The hyoid is unique among bones for its isolation from the remainder of the skeleton. The U-shaped hyoid derives its name from the Greek word hyoeidçs, meaning “shaped like the letter upsilon,” the 20th letter in the Greek alphabet. The hyoid does not articulate with any other bone. It is suspended from the styloid processes of the temporal bones by the stylohyoid ligaments (Fig. 8.3A) and is firmly bound to the thyroid cartilage. The hyoid consists of a body and greater and lesser horns (L. cornua). Functionally, the hyoid serves as an attachment for anterior neck muscles and a prop to keep the airway open.
The body of the hyoid, its middle part, faces anteriorly and is approximately 2.5 cm wide and 1 cm thick (Fig. 8.3B & C). Its anterior convex surface projects anterosuperiorly; its posterior concave surface projects postero-inferiorly. Each end of its body is united to a greater horn that projects posterosuperiorly and laterally from the body. In young people, the greater horns are united to the body by fibrocartilage. In older people, the horns are usually united by bone. Each lesser horn is a small bony projection from the superior part of the body of the hyoid near its union with the greater horn. It is connected to the body of the hyoid by fibrous tissue and sometimes to the greater horn by a synovial joint. The lesser horn projects superoposteriorly toward the styloid process; it may be partly or completely cartilaginous in some adults.
BONES OF NECK
Cervical Pain
Cervical pain (neck pain) has several causes, including inflamed lymph nodes, muscle strain, and protruding intervertebral (IV) discs. Enlarged cervical lymph nodes may indicate a malignant tumor in the head; however, the primary cancer may be in the thorax or abdomen because the neck connects the head to the trunk (e.g., lung cancer may metastasize through the neck to the cranium). Most chronic cervical pain is caused by bony abnormalities (e.g., cervical osteoarthritis) or by trauma. Cervical pain is usually affected by movement of the head and neck, and it may be exaggerated during coughing or sneezing, for example.
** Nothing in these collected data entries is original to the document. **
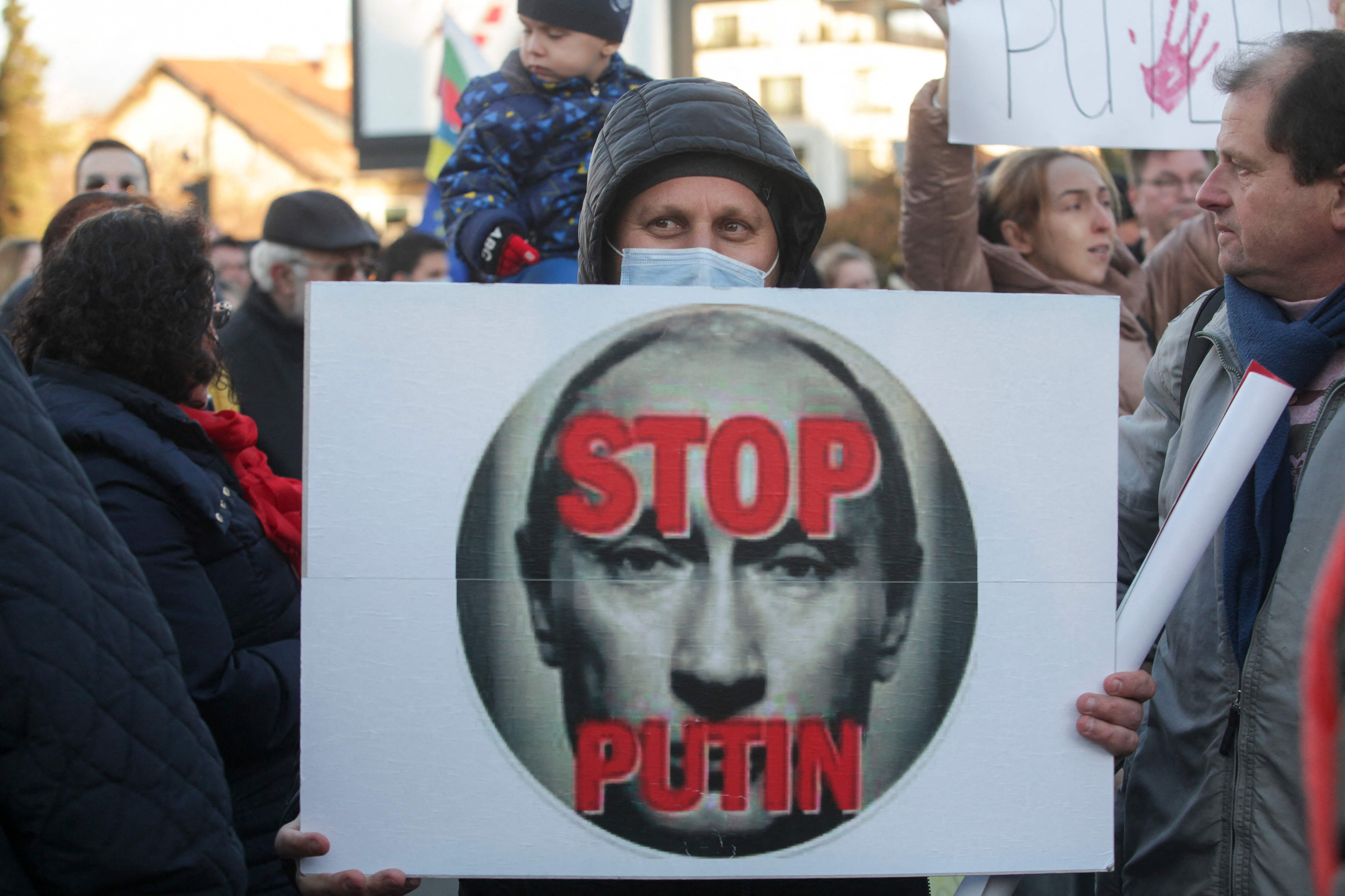 A demonstrator holds a banner during a rally in support of Ukraine in front of the Russian Embassy in Sofia, Bulgaria, on Feb 24, 2022.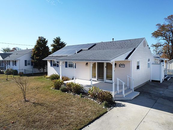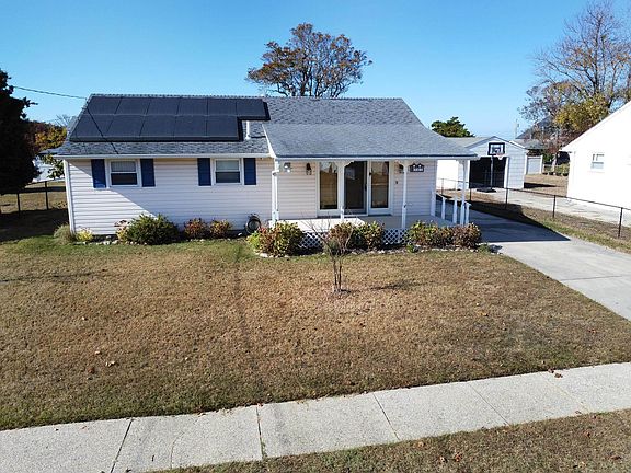 Enjoy bayside living at its best! This expanded 3-bedroom, 1.1-bath home in North Cape May is located just two short blocks from the bay and its beautiful beach walks and sunsets. Situated on a meticulously maintained 66 x 125 lot, the exterior features recently power-washed, low-maintenance vinyl siding and two sheds—one with a built-in workshop and the other used for gardening and storage, both fully equipped with electricity. The front sliding door opens to a large living room where you can relax by the electric fireplace on a cool evening. The living room flows into the kitchen and dining area, which boasts a cathedral ceiling and two skylights. The kitchen is equipped with solid wood cabinetry, a freestanding island with additional storage and seating for two, a gas stove, and Corian countertops. From the dining area, step through the rear slider to a beautiful screened-in porch overlooking the backyard and evening sunsets. Off the kitchen is a laundry room leading to the half bath and master bedroom. The fully fenced backyard features a brick patio, hot tub, and trellis. This home includes two large bedrooms, both with king-sized beds, and an additional guest room with twin beds. The recently renovated full bath in the hall features a tile floor, beautifully tiled walk-in shower with a glass door, and a marble-topped vanity. Don't miss this opportunity—this North Cape May ranch home with first-floor living, central air, gas heat, and a prime location just a short walk to the bay!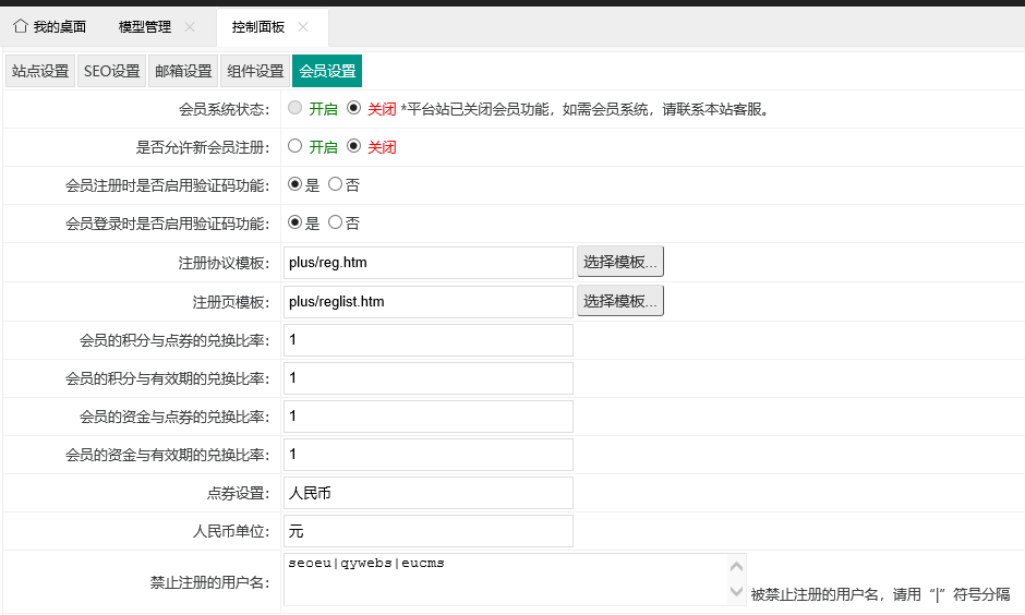 EUCMS有着强大的会员功能和强大的会员阅读收费机制,要使用此功能首先要到相应的模型打开此功能,模型管理——设置,如下图: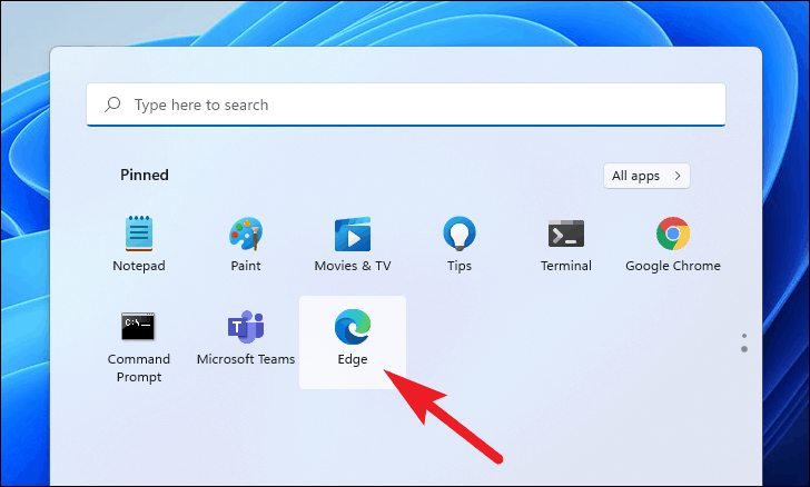 First, launch Microsoft Edge from the Start Menu, your taskbar, or the desktop of your Windows computer.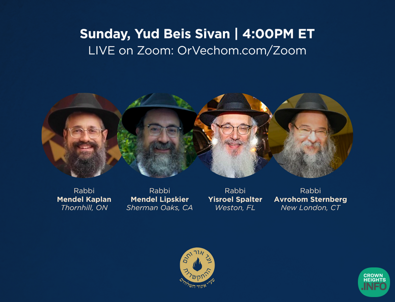 The online gathering will take place on Sunday, Yud Beis Sivan, at 4:00 PM ET, accommodating Chassidim in various time zones.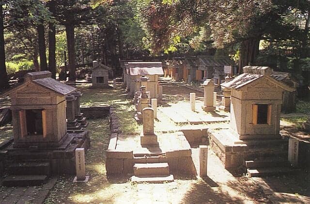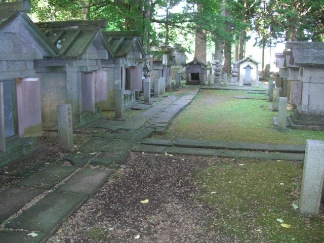 松前藩の始祖である武田信広から19代にわたる歴代藩主とその妻子などの人たちが埋葬されている墓所で、イチョウやオンコの古木にかこまれて55基の墓碑が並んでいます。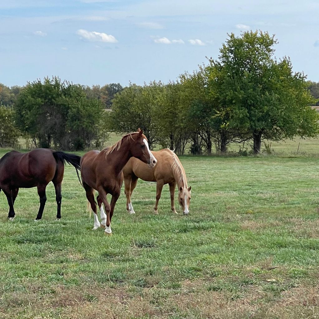 Summer 2023 is waning and pasture grass will soon be dormant. For now, Baby, Sheldon and Tex take advantage of free grazing before winter.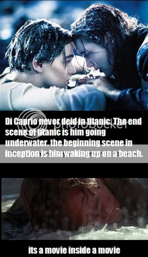 I finally understand what happened to Leonardo Dicaprio in titanic, since he was the main character he obviously couldn't die, it was really just a dream and when he sunk underwater it was really him falling into limbo and he finally gets out of it which is the beginning of inception when he is finally out of the ocean. so really its true inception: a movie within a movie.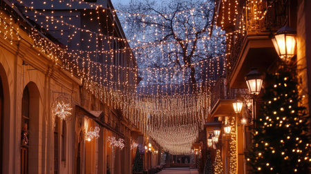 A beautifully lit winter street adorned with twinkling lights creates a cozy and festive atmosphere, perfect for evening strolls and celebrations.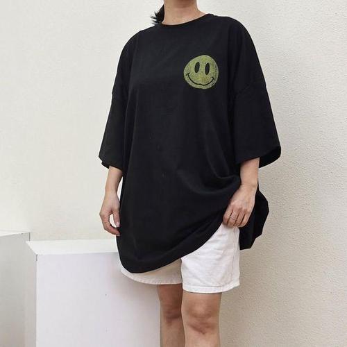 [에이치플러스몰]루즈핏 큰웃음 스마 반팔 롱 티셔츠
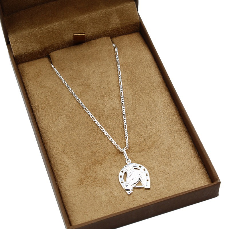 Corrente de prata 925 masculina 70cm 3x1 fígaro 70cm pingente ferradura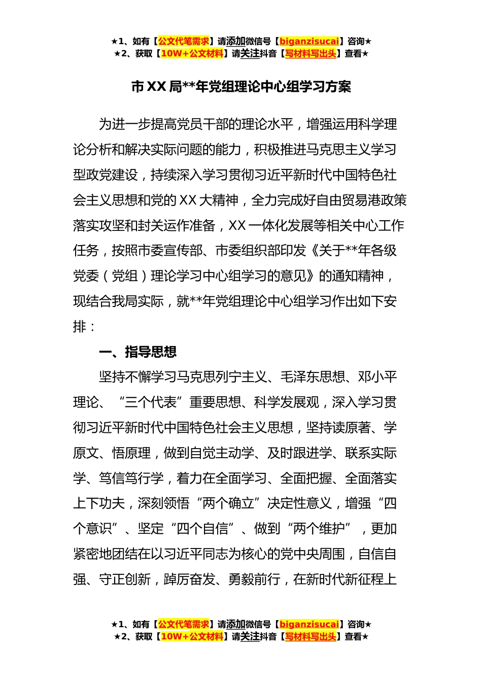 ★1、如有【公文代笔需求】请添加微信号【biganzisucai】咨询★★2、获取【10W+公文材料】请关注抖音【写材料写出头】查看★市XX局**年党组理论中心组学习方案为进一步提高党员干部的理论水平,增强运用科学理论分析和解决实际问题的能力,积极推进马克思主义学习型政党建设,持续深入学习贯彻习近平新时代中国特色社会主义思想和党的XX大精神,全力完成好自由贸易港政策落实攻坚和封关运作准备,XX一体化发展等相关中心工作任务,按照市委宣传部、市委组织部印发《关于**年各级党委(党组)理论学习中心组学习的意见》的通知精神,现结合我局实际,就**年党组理论中心组学习作出如下安排:一、指导思想坚持不懈学习马克思列宁主义、毛泽东思想、邓小平理论、“三个代表”重要思想、科学发展观,深入学习贯彻习近...

Injuries of Cervical Vertebral Column
Fractures and dislocations of the cervical vertebra may injure the spinal cord and/or the vertebral arteries and sympathetic plexuses passing through the foramina transversaria. See the blue boxes “Dislocation of Cervical Vertebrae” (p. 457), “Fracture and Dislocation of Atlas” (p. 458), and “Fracture and Dislocation of Axis” (p. 459).
Fracture of Hyoid Bone
Fracture of the hyoid (or of the styloid processes of the temporal bone; see Chapter 7), occurs in people who are manually strangled by compression of the throat. This results in depression of the body of the hyoid onto the thyroid cartilage. Inability to elevate the hyoid and move it anteriorly beneath the tongue makes swallowing and maintenance of the separation of the alimentary and respiratory tracts difficult and may result in aspiration pneumonia.